Below is a simplified version of what took place during each step of the "Networks in Biology" module:
 



High school biology teachers learn how to teach the first module during a summer staff development program- here with Director of Curriculum Kathee Terry


  Part I:
Using information given to them about classmates to whom they could send and receive cell phone messages, students worked in teams to query each other and, based on their queries, create a class cell phone network. Following this, they used software developed by the Institute for Systems Biology to see their networks on a computer screen. Keeping with the cell phone analogy, questions liked the following were posed: Sprint PCS's cell phone towers are struck down by a meteorite. How will this affect our cell phone network? On a field trip student "X" takes a picture of a cool rock formation and sends it to everyone he/she can. Which students will receive the picture? On the computer screen, students could see instantly what would happen if a particular student with many cell phone connections was knocked out of the network, namely, that some students would no longer be able to receive any calls at all and news could not flow nearly as easily among classmates.

Part II
The next exercise of the module helped students move from the question of what happens to a social network when one part of a system is knocked out, to what happens to an ecological network that experiences an environmental disturbance. Or, as IS student Daniel Moser said, "We're using cell phone networks as a model that can also be used for ecosystems."
Part III
Teachers then introduced students to what their curriculum guide calls the "fascinating world of extremophiles, or unique organisms, using a real-life example of an event that affected the Great Salt Lake ecosystem." The guide goes on to say that in 1952 a causeway was built which splits the lake in half and does not allow water to circulate. Because there is no fresh water circulating and no streams that flow into one arm, the salt concentration varies between the two sides. A prominent organism in one arm of the lake is the halobacterium, which dominates some of the most extreme environments on earth.

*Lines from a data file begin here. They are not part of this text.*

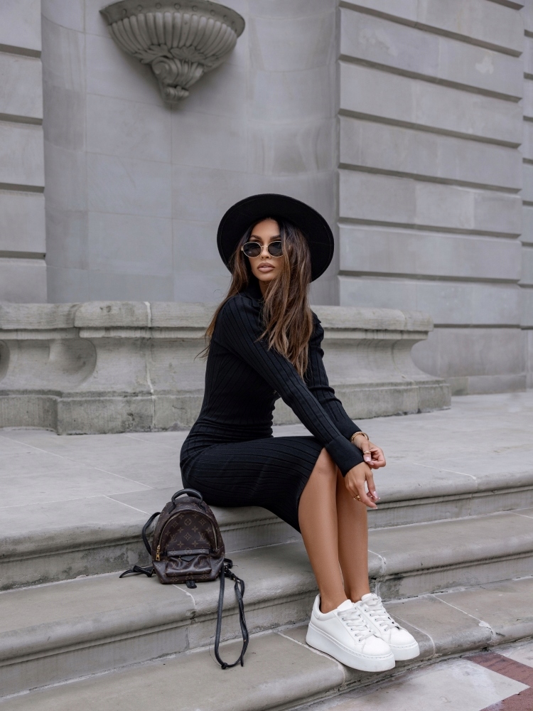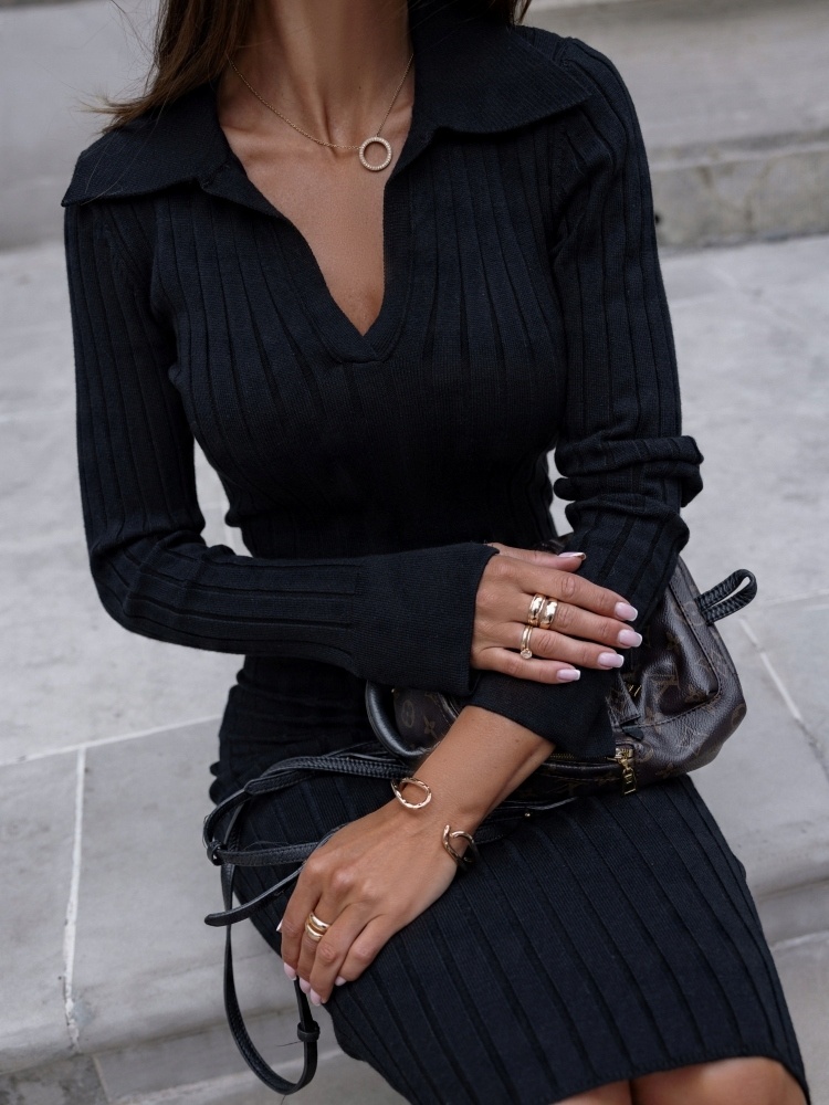 - Rewelacyjna prążkowana sukienka, wykonana z wysokiej jakości elastycznej dzianiny. Szyku dodaje taliowany krój oraz dekolt V z szerokim kołnierzykiem. Dodatkowym atutem są rękawy z rozciętym ściągaczem, który można wywinąć.
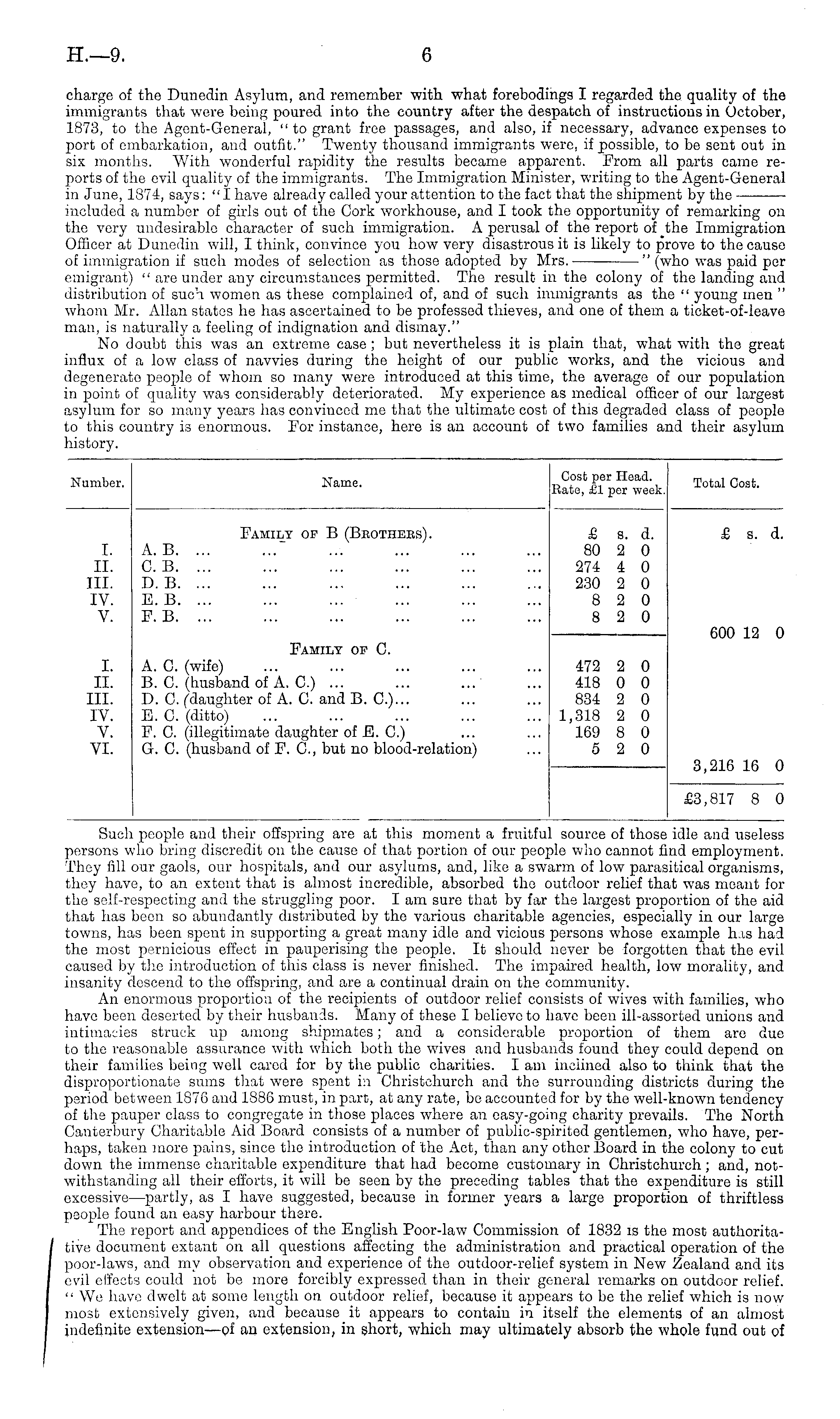 charge of the Dunedin Asylum, and remember with what forebodings I regarded the quality of the immigrants that were being poured into the country after the despatch of instructions in October, 1873, to the Agent-General, " to grant free passages, and also, if necessary, advance expenses to port of embarkation, and outfit." Twenty thousand immigrants were, if possible, to be sent out in six months. With wonderful rapidity the results became apparent. From all parts came reports of the evil quality of the immigrants. The Immigration Minister, writing to the Agent-General in June, 1874, says: " I have already called your attention to the fact that the shipment by the included a number of girls out of the Cork workhouse, and I took the opportunity of remarking on the very undesirable character of such immigration. A perusal of the report of the Immigration Officer at Dunedin will, I think, convince you how very disastrous it is likely to prove to the cause of immigration if such modes of selection as those adopted by Mrs. " (who was paid per emigrant) " are under any circumstances permitted. The result in the colony of the landing and distribution of such women as these complained of, and of such immigrants as the " young men " whom Mr. Allan states he has ascertained to be professed thieves, and one of them a ticket-of-leave man, is naturally a feeling of indignation and dismay." No doubt this was an extreme ease ; but nevertheless it is plain that, what with the great influx of a low class of navvies during the height of our public works, and the vicious and degenerate people of whom so many were introduced at this time, the average of our population in point of quality was considerably deteriorated. My experience as medical officer of our largest asylum for so many years has convinced me that the ultimate cost of this degraded class of people to this country is enormous. For instance, here is an account of two families and their asylum history.
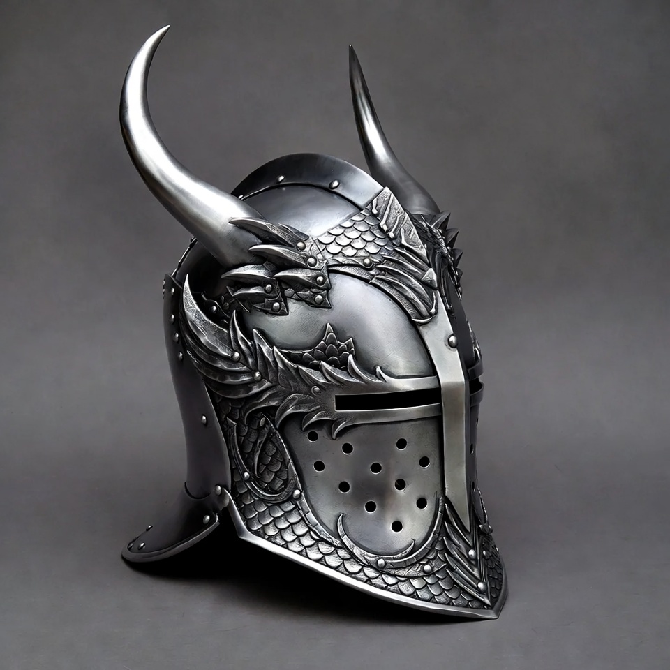 Renaissance helmet, battle helmet, black armor, cosplay helmet, dragon horns, dragon wings, fantasy helmet, horned helmet, isolated background, medieval helmet, metal helmet, ornate helmet, scale design, warrior helmet, Viking helmet

Based on what they heard about the Great Salt Lake, students developed hypotheses about the factors that affect halobacteria and designed an experiment to investigate the effect of salt on their growth.
 

 

Here's the shaking incubator for growing halobacteria cultures

Students using the spectrophotometer

  Part IV
Using new supplies and equipment funded by the Bellevue Schools Foundation, the budding biologists filled tubes with different concentrations of salt and other chemicals that affect the growth of halobacteria, left these in an incubator (photo on left) for 45 hours, tested the absorbance of light (which measures the population of halobacteria), using a spectrophotometer (lower left), and graphed their data on the effect of increasing salinity on halobacteria.

The results? Erik Simkins summed it up saying that he learned that where they built the causeway over the Great Salt Lake and took out natural water, the increasing salinity of the water that was left resulted in an increase in halobacteria.